Isso é só teoria! Só queremos que você nos dê aula como
faz o professor da outra cadeira.”
“E como faz o vosso
professor dessa cadeira?”
Responderam: “Traz
uns papéis, projecta uns slides, umas transparências, e
vai falando daquilo que o Bruner escreveu nos livros.”
“E vós, que ides ser
professores, não sabeis ler?
“Sabemos. É claro
que sabemos ler!”
“Então ide até à
biblioteca e lede o que quiserdes sobre o Bruner.
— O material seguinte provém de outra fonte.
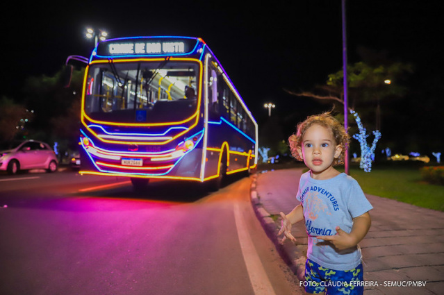 A tradicional decoração natalina de Boa Vista recebeu na noite dessa quarta-feira, 2, mais duas atrações especiais. A prefeitura colocou em circulação dois ônibus enfeitados e com iluminação de natal, que fazem as linhas 112 – Caçari/Equatorial e 252 – Bairro dos Estados. Logo na estreia, os veículos já começaram a encantar as pessoas por onde passam.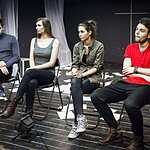 12 февраля 2017 года московский театр «Streler theatre» организовал пресс-показ спектакля «Пока ты здесь …» по мотивам пьесы Джона Осборна «Оглянись во гневе». «Streler theatr» – это молодой театр, существующий около трех лет, с труппой из 11 человек и тремя спектаклями в репертуаре: Чехов, Лорка и Осборн.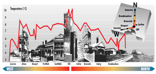도시가 성장함에 따라 산업 공정, 가정 난방 및 자동차의 방출 열이 높아지고, 콘크리트로 덮이게 되므로 도시화가 진행될수록 평균 기온은 급격히 증가합니다.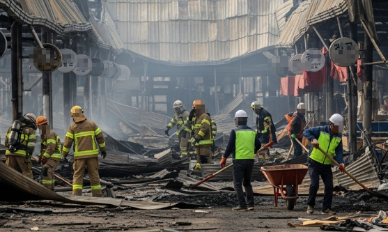 화재로 손상된 구조물의 안정성, 전기 및 가스 누출 여부를 확인합니다.

Depois, trazei para aqui as dúvidas que a leitura vos
tiver suscitado pois, para que haja diálogo, todos nós
teremos de estar por dentro do assunto.”
“Nós preferimos que
você dê uma aula sobre o Bruner.” – e já aprontavam
papel e caneta, para apontamentos.
“Não, meus amigos!
Não vou dar a aula sobre o Bruner! Sou professor, não
sou papagaio!”
E por aí ficou a
conversa.
Não me surpreende
que os professores reajam negativamente perante uma
iniciativa como o “turno integral”. Se não compreendem a
utilidade e se lhes afigura difícil a viabilidade, “é
tudo teoria”. Se não lhes forem dadas condições dignas
para o exercício da profissão, assumem atitudes
relutantes, que desvirtuam a “inovação”. Se a formação
que lhes foi servida não estimula uma profícua reflexão
da prática, a teoria tem má reputação.